Further down are entries; set down exactly and only the lines from the one with "上午,陳雷局長(zhǎng)" up to and including the one with "روبابيكيا مجموعة اثاث", dropping each picture.

→ **Excerpted data**:
┄┄┄┄┄┄

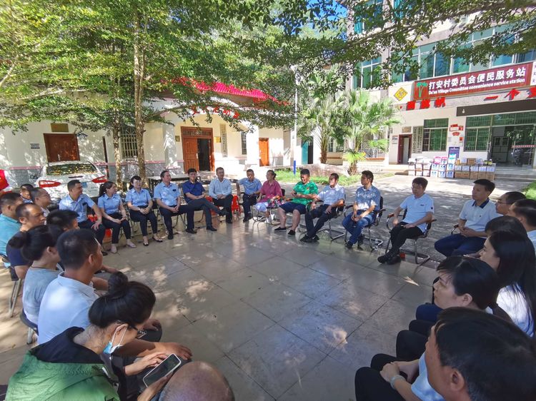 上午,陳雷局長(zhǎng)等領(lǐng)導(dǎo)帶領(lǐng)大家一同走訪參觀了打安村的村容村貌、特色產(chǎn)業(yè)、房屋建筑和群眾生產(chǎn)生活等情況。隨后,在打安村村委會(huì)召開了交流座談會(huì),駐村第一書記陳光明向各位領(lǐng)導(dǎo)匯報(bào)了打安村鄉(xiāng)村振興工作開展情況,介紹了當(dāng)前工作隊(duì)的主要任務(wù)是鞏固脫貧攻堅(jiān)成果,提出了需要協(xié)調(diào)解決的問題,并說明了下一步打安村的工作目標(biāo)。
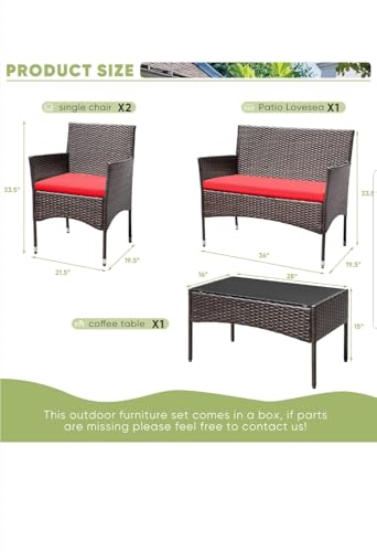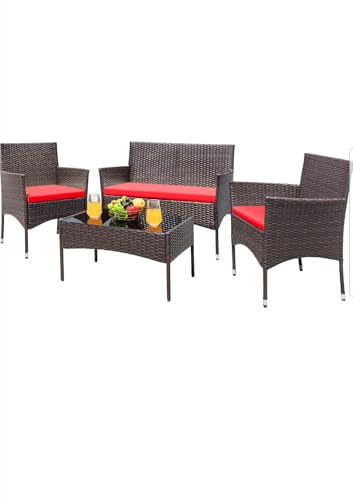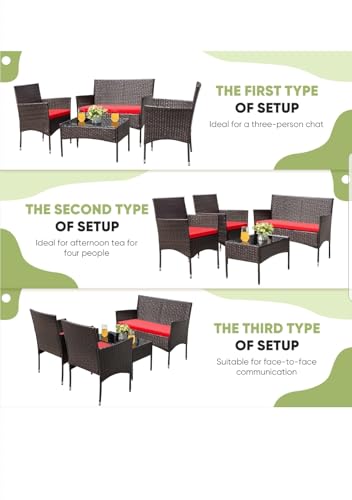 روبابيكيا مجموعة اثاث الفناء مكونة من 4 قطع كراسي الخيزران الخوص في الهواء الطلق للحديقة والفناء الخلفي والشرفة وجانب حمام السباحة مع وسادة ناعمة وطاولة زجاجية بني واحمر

┄┄┄┄┄┄

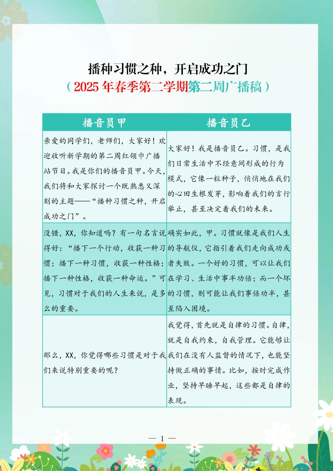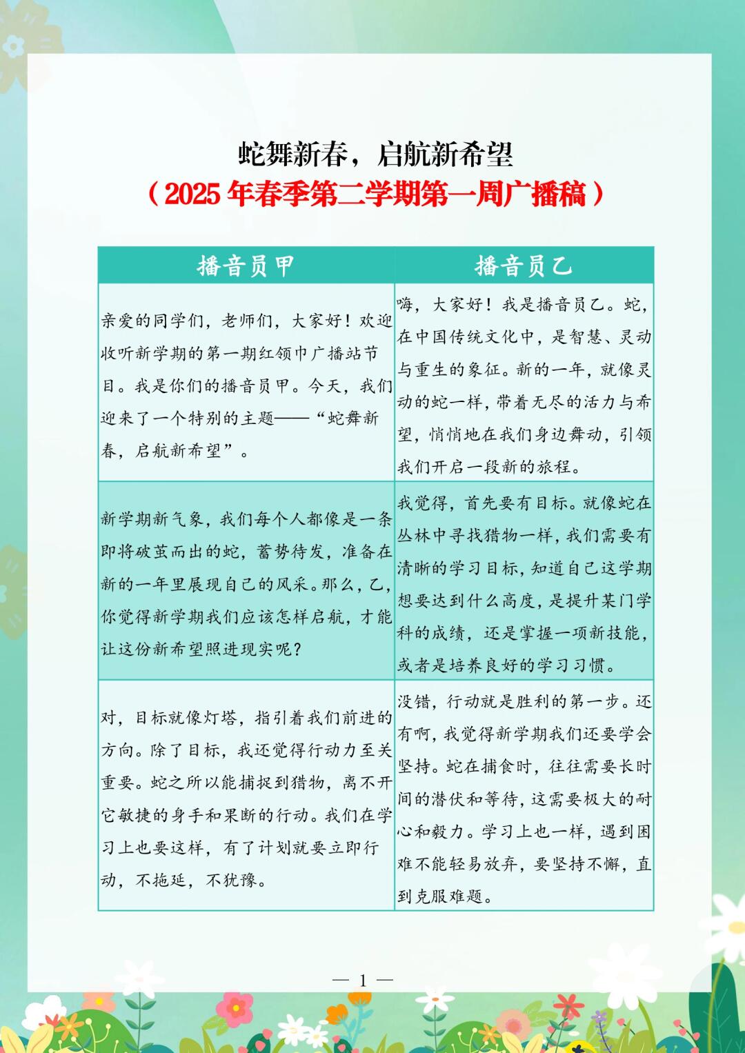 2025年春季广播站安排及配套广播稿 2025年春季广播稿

┄┄┄┄┄┄

→ **Written response**:
 上午,陳雷局長(zhǎng)等領(lǐng)導(dǎo)帶領(lǐng)大家一同走訪參觀了打安村的村容村貌、特色產(chǎn)業(yè)、房屋建筑和群眾生產(chǎn)生活等情況。隨后,在打安村村委會(huì)召開了交流座談會(huì),駐村第一書記陳光明向各位領(lǐng)導(dǎo)匯報(bào)了打安村鄉(xiāng)村振興工作開展情況,介紹了當(dāng)前工作隊(duì)的主要任務(wù)是鞏固脫貧攻堅(jiān)成果,提出了需要協(xié)調(diào)解決的問題,并說明了下一步打安村的工作目標(biāo)。
 روبابيكيا مجموعة اثاث الفناء مكونة من 4 قطع كراسي الخيزران الخوص في الهواء الطلق للحديقة والفناء الخلفي والشرفة وجانب حمام السباحة مع وسادة ناعمة وطاولة زجاجية بني واحمر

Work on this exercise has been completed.